+++ Provided entries +++
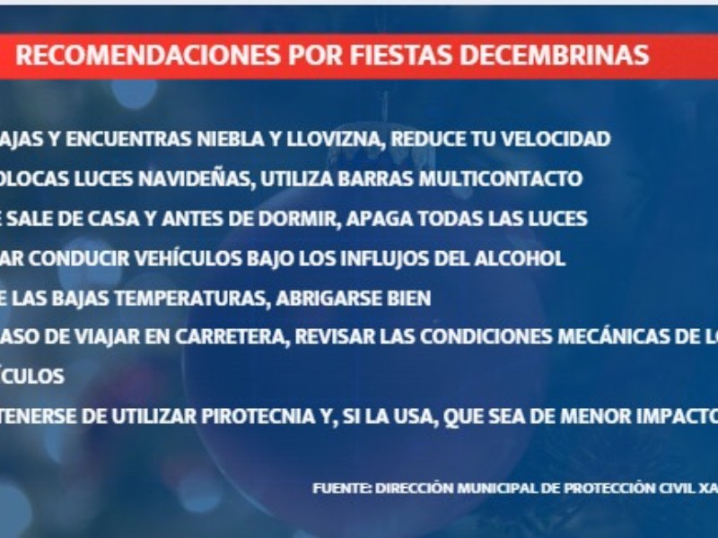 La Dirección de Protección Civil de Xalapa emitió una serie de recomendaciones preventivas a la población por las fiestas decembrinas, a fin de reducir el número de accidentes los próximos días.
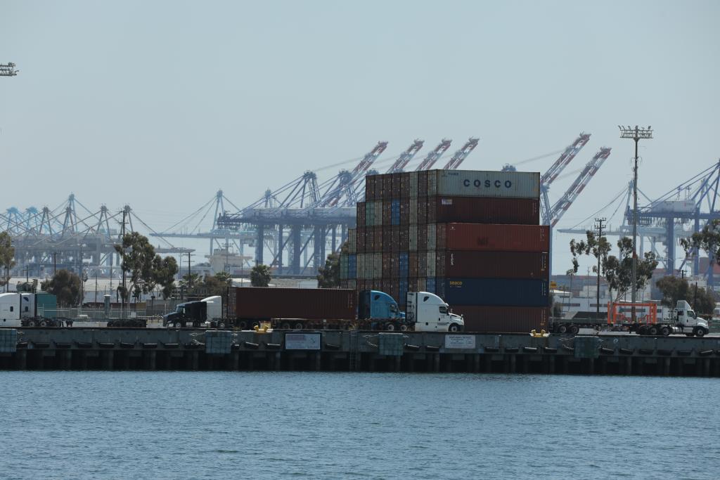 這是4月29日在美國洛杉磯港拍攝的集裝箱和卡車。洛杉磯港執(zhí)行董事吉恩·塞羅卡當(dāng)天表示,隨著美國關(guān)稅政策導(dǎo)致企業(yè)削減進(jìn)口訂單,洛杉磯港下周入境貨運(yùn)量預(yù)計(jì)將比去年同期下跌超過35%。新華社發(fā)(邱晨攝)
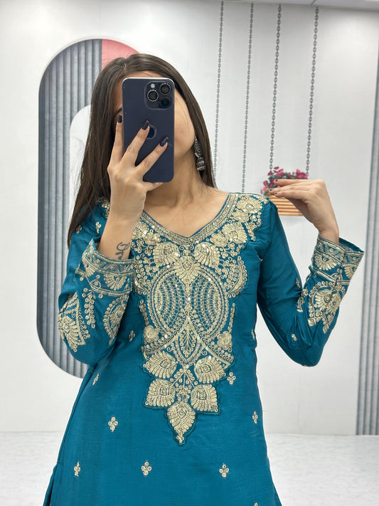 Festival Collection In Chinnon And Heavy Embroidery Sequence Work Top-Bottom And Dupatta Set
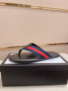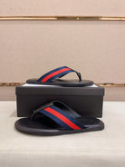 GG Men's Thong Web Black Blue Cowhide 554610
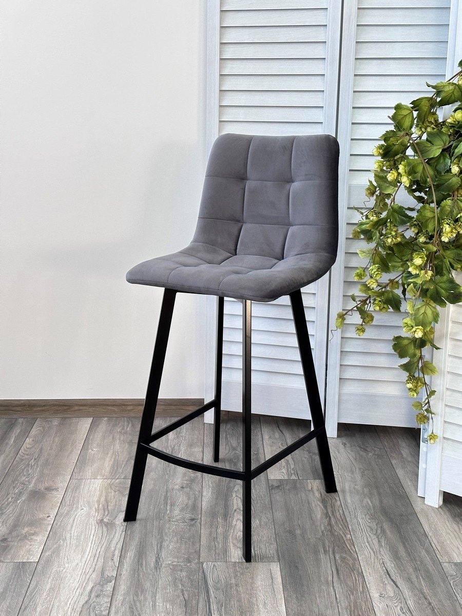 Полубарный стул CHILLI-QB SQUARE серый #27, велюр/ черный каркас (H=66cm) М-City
+++
+++ Provided entries +++
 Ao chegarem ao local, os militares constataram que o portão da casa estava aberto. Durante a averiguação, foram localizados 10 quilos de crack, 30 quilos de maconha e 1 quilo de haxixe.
+++
Set down exactly the lines above, from the line containing "這是4月29日在美國洛杉磯港" through the line containing "GG Men's Thong Web Black Blue Cowhide 554610". Skip the pictures.

 這是4月29日在美國洛杉磯港拍攝的集裝箱和卡車。洛杉磯港執(zhí)行董事吉恩·塞羅卡當(dāng)天表示,隨著美國關(guān)稅政策導(dǎo)致企業(yè)削減進(jìn)口訂單,洛杉磯港下周入境貨運(yùn)量預(yù)計(jì)將比去年同期下跌超過35%。新華社發(fā)(邱晨攝)
 Festival Collection In Chinnon And Heavy Embroidery Sequence Work Top-Bottom And Dupatta Set
 GG Men's Thong Web Black Blue Cowhide 554610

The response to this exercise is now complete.